Ferris Bueller tells us to “go home, it’s over.” The stage manager explains what is about to happen in Our Town. Hamlet acknowledges that we’re watching. All examples when the fourth wall is broken: when a character in a show speaks directly to us. Their eyes meet ours and we are no longer pious spectators. We participate. Our reaction speaks back to them.
Cooking is performance art. And yet it’s a hidden drama. For unless you have the chef’s table, the music of the sizzling stove, the timpani of metal bowls or the percussing of dancing knives happens out of range.
We dine on finished product. Artfully laid out. Resting on bone china. All of the slips and the slops wiped clean. Crumbs dusted. Undesired trimmed away.
That is, until Paul Qui takes the stage. On his whim, he may present the chaos of cooking table-side. Much as he did with seared seabream on white oak.
The waiter arrives with a smile below his face caterpillar. He carries a split log. The center of which a bit more shallow. It forms a channel. On one end, smoldering bits of white oak, hot from the oven. On the other end, white fish sliced like sashimi lounging on a banana leaf.
Beside the log, the waiter places a shallow bowl of soy and vinegar. Olive oil pools in droplets of various sizes.
Then carefully the waiter tweezers fish onto hot embers. Smoke rises like the Ghost of Christmas past. Grins appear around the table. Smartphones flicker their flashes and memories are recorded.
No sooner than all five pieces are laid, the kitchen ambassador removes fish in the same order. Cooking time remains under 20 seconds. They are singed on only one side.
Into the dressing, seared side up. Then decorated with shaved shallots and small flowers.
Then the mustache exits with his tools and his log stove.
This is Paul Qui’s imagination wagging it’s tail. He chooses to expose food alchemy in the dining room. He speaks to his diners directly. Into their faces the smoke rises. Into their eyes does translucent fish become charred and opaque.

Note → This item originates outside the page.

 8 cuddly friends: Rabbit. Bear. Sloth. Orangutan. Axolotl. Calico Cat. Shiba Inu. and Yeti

These diners began tasting the very minute the tree landed on the table.
House of Cards did not invent “breaking of the fourth wall” any more than Shakespeare. It’s a theatrical device used since Ancient Greece. It is a means to reveal the inner thoughts of characters. It is a means to firmly plant the audience in the conspiracy of events. Even if those events are but a metaphor. Even if only in the minds of creator and consumer.
Every open kitchen is a blatant invitation for dialogue. For the chef to pull diners into the process.

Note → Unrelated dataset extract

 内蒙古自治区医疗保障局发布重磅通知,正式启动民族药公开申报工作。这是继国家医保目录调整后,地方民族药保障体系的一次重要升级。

Dancers in whitecoats spinning plates. Hands in and out of heat. Tame the hissing and the gurgling and the clicking. Masters of their own station. Yet those very same gifts come together to form a single narrative for a party of 2, 4 or maybe 8.
Whether you walk past the open kitchen of Salty Sow or wink at Josh at Pieous, the effect is the same. You acknowledge each other. From actor to audience and back.
This play is for us.
The transpiring, the transforming and the transfixing may begin with the hand of the author. However it is the open mind of the participant which ends the chapter.
Now that much is revealed, how will you tear down that wall in your own space?
Do it now while the curtain is still up and they have not left their seats.